OLYMPUS HAS FALLEN ( Antoine Fuqua). 119 minutes. Opens Friday (March 22). For venues and times, see listings. Rating: NNN


“They’ve got the universal terrorist playbook and they’re running it step by step,” beloved LAPD cop Al Powell mutters in Die Hard, describing characters who won’t deviate from a plan of action even when they desperately should.

Well, the screenwriters of Olympus Has Fallen have the Die Hard playbook, and they faithfully – almost obsessively – transplant the action beats of John McTiernan’s 1988 action classic into a 21st-century thriller. The biggest difference is that the terrorists actually are terrorists.
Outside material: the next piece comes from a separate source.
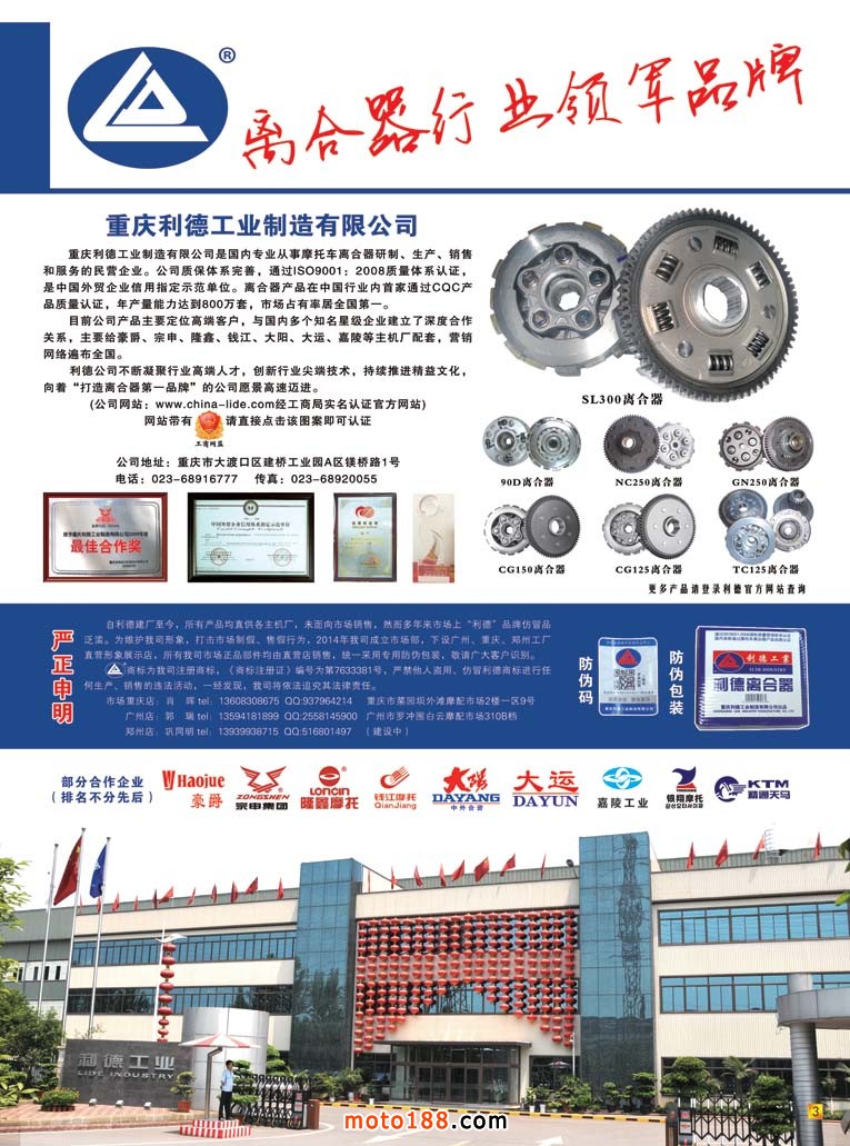 炎熱的夏季終將過去,收獲的秋天在等待我們,從下一期雜志開始,我們就要為廣州全摩會(huì)做準(zhǔn)備工作了,在這個(gè)會(huì)上,我們會(huì)向全體參會(huì)人員奉獻(xiàn)兩本數(shù)據(jù)庫類書籍,一本是生產(chǎn)廠家的《摩托車配件生產(chǎn)企業(yè)大全》,在這一個(gè)升級版中,我們新增加十幾個(gè)大的摩托車整車生產(chǎn)廠家資料,同時(shí)增加二十家電動(dòng)車生產(chǎn)廠家及十幾家三輪摩托車和三輪電動(dòng)車廠家,努力根據(jù)市場需要豐富書的內(nèi)容。還有一本就是第二次升級的《華南市場指南》收集廣東和海南兩省的經(jīng)銷商資料匯總,其中,廣東省的廣州市的市場用中英文出版,目前各項(xiàng)工作正緊張有序的進(jìn)行,歡迎大家在全摩會(huì)期間來廣州保利展館分享我們的勞動(dòng)果實(shí)。春種一粒粟,秋收萬顆籽。

Olympus Has Fallen is Die Hard In The White House, with a North Korean paramilitary assault on the iconic DC residence just as the president (Aaron Eckhart) welcomes a South Korean delegation. But there’s one thing they didn’t count on: an ex-Secret Service agent (Gerard Butler), working his way into the building to find the president’s young son (Finley Jacobson).

It delivers in the most basic sense, but you wonder what a director with a sense of play might have done with the material. Antoine Fuqua (Training Day, Shooter) is a blunt nihilist who thinks watching bit players bleed out counts as character development.

A more limber filmmaker might also have encouraged Butler’s natural charisma, rather than letting him growl his way through the picture.

But maybe Bruce Willis would have sued.